Representational: AI systems that produce outputs in complex or inconsistent formats can hinder user understanding. For example, if an AI model presents data in a convoluted manner without clear explanations, it can lead to misinterpretations, affecting decision-making processes.
Accessibility: If AI systems do not implement robust access controls, sensitive information could be exposed.
Intrinsic data quality issues may be detected and remediated automatically via software, using the same strategies we use today on ingested data. But what about Contextual or Accessibility data quality issues? How do we apply automated controls to ensure relevancy and suitability of data (currently the preserve of the data engineer and analyst)? How do we detect that sensitive data has leaked?
Handling AI-generated contextual data quality issues
There is little room for contextual data quality issues with simple classifiers, but LLMs generate open-ended text that present a much larger data quality challenge. So the question is: How do we benefit from automated intelligence without it causing data quality incidents?
It seems that the answer is also AI.
AI solutions to AI problems:
Confidence scores
Self-Evaluation Scoring. The LLM itself can estimate confidence by generating multiple responses and ranking them.
Threshold-Based Filtering. If confidence is below a threshold (e.g., 60%), the model can flag the answer as uncertain or refuse to answer.
Verification
Self-Consistency Sampling. Instead of generating one response, the LLM generates multiple responses and picks the most consistent one.
AI Critique Models (Verifier LLMs). Another LLM can check the primary LLM’s responses, filtering out incorrect, irrelevant, or misleading text.
Fact-Checking with Retrieval-Augmented Generation (RAG).
Adversarial AI (GAN-Style Verifiers)
The verification side seems to be more domain specific.
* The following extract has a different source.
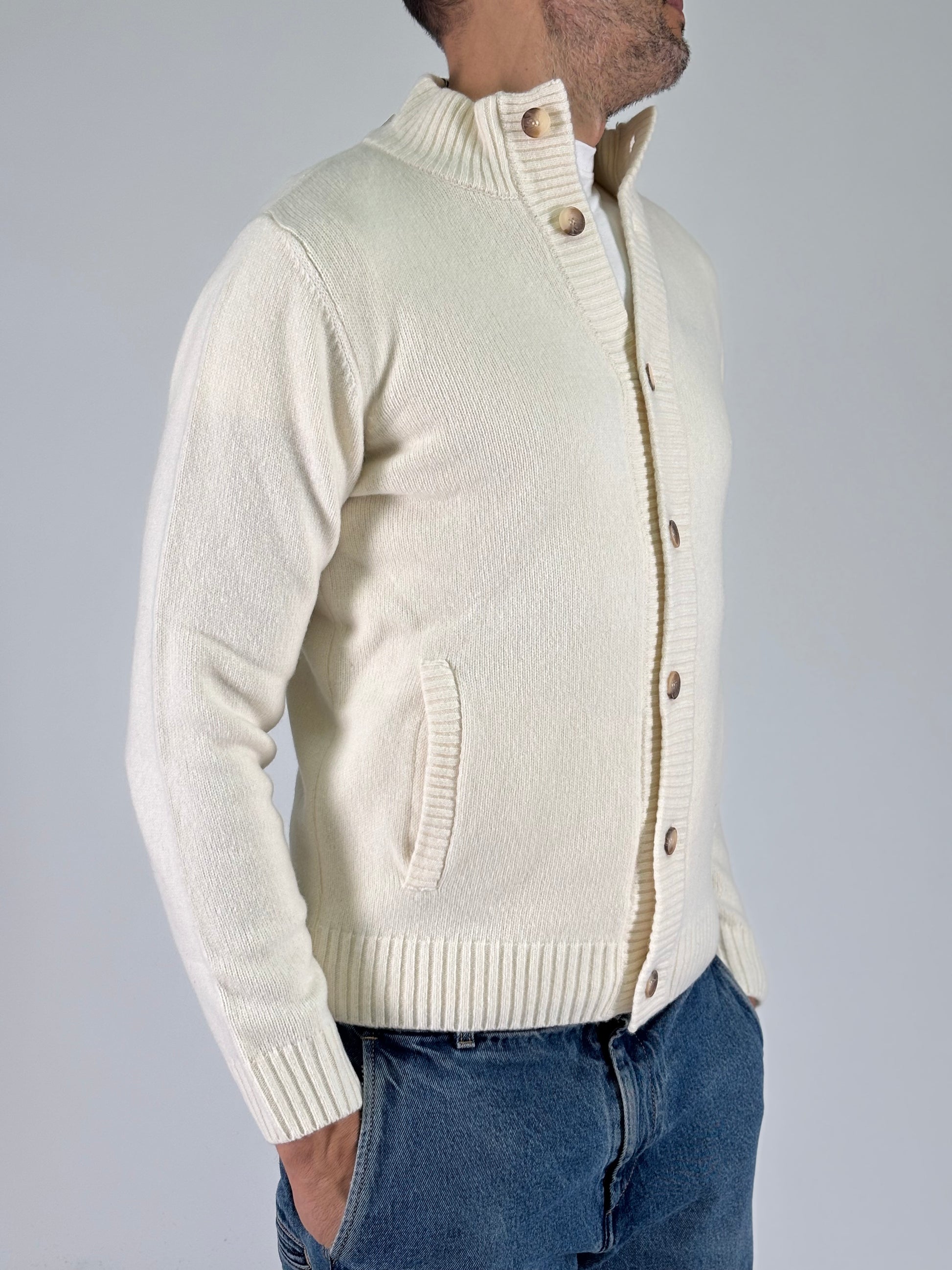 - Sporting Mare Cardigan con tasche e colletto realizzata con filati italiani dell' azienda Lanerossi, collo, tasche polso e fondo a coste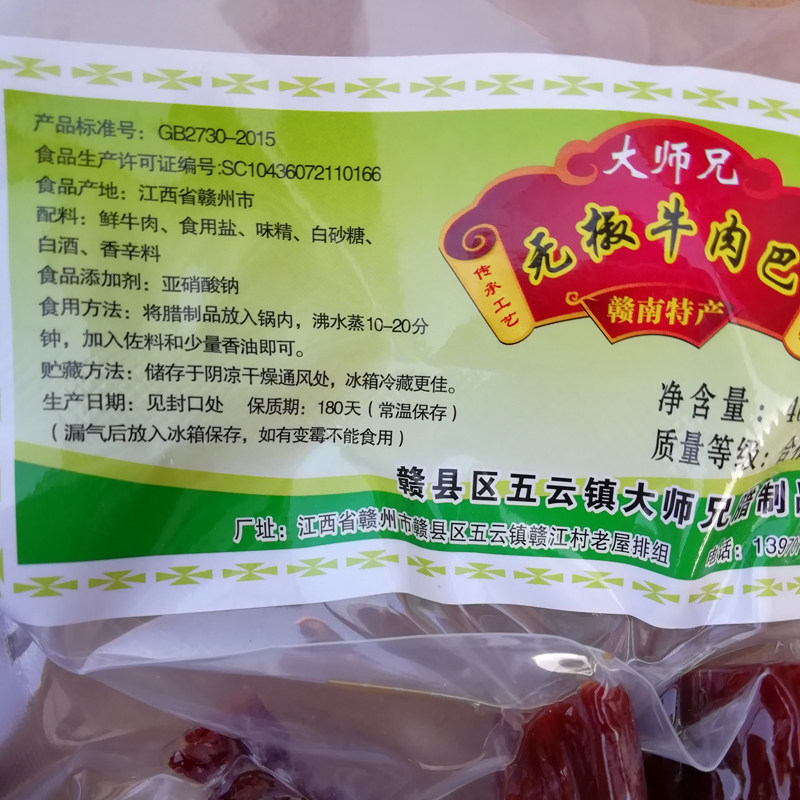 Jiangxi Gannan specialty Ganzhou master beef beef jerky 400g with pepper pickled air-dried beef products

In order to catch contextual data quality issues, the verifier itself must understand that context. The challenge for data engineers and analysts wanting to adopt more sophisticated uses of LLMs will be in automated domain-specific AI-based verification.
AI in 2025 and onwards
Contextual data quality remains largely a human-driven responsibility today, relying on the expertise of data engineers and analysts to make informed decisions about data sources, transformations, and interpretations. Notably, humans assess contextual data quality during the data source selection, ingest or cleansing process. However, AI can generate as-yet unverified contextual data quality issues from inside the “safe zone”, where ingested data has been cleansed.
While AI can generate data quality problems across all four dimensions, Contextual issues stand out to me as the most complex and hard to automate away. The challenge ahead for data professionals is to build domain-aware AI verification pipelines that understand context-specific relevancy, suitability and correctness. The future of data engineering isn’t just about generating data with AI but about curating and refining it, subjecting AI-produced outputs to the same rigorous scrutiny that human analysts apply. As AI will increasingly permeates data pipelines, and AI-powered data quality management will become ever more necessary to ensure that insights remain reliable and relevant. In order words, verification and correction will become as fundamental as ingestion and transformation.